Return the lines of the data below starting at the one holding "NWT SOLD OUT" and ending at the one holding "2in1 Clean van", word for word, leaving every picture out.
### GIVEN RECORDS
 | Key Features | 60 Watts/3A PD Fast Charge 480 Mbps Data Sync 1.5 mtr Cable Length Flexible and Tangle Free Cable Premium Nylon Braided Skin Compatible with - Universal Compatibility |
######
### GIVEN RECORDS
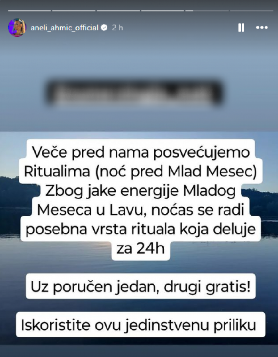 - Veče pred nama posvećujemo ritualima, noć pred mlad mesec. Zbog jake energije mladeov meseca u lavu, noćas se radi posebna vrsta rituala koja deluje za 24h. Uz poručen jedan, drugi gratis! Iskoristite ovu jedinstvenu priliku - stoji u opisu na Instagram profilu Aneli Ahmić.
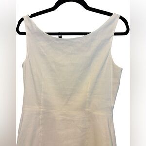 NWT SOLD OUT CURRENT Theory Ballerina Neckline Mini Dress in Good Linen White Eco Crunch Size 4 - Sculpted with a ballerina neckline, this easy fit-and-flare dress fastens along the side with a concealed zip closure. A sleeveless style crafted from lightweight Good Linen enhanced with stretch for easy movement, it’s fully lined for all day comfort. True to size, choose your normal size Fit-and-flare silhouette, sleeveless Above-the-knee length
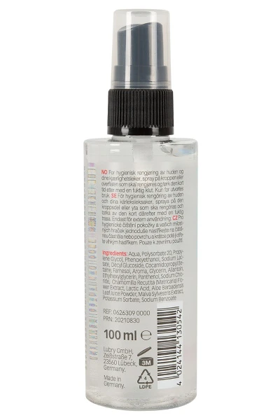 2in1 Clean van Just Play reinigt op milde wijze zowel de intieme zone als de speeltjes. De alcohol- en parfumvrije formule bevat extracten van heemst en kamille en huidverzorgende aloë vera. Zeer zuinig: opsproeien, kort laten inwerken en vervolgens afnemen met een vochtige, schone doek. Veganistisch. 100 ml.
######
• [FINISHED EXERCISE]
 NWT SOLD OUT CURRENT Theory Ballerina Neckline Mini Dress in Good Linen White Eco Crunch Size 4 - Sculpted with a ballerina neckline, this easy fit-and-flare dress fastens along the side with a concealed zip closure. A sleeveless style crafted from lightweight Good Linen enhanced with stretch for easy movement, it’s fully lined for all day comfort. True to size, choose your normal size Fit-and-flare silhouette, sleeveless Above-the-knee length
 2in1 Clean van Just Play reinigt op milde wijze zowel de intieme zone als de speeltjes. De alcohol- en parfumvrije formule bevat extracten van heemst en kamille en huidverzorgende aloë vera. Zeer zuinig: opsproeien, kort laten inwerken en vervolgens afnemen met een vochtige, schone doek. Veganistisch. 100 ml.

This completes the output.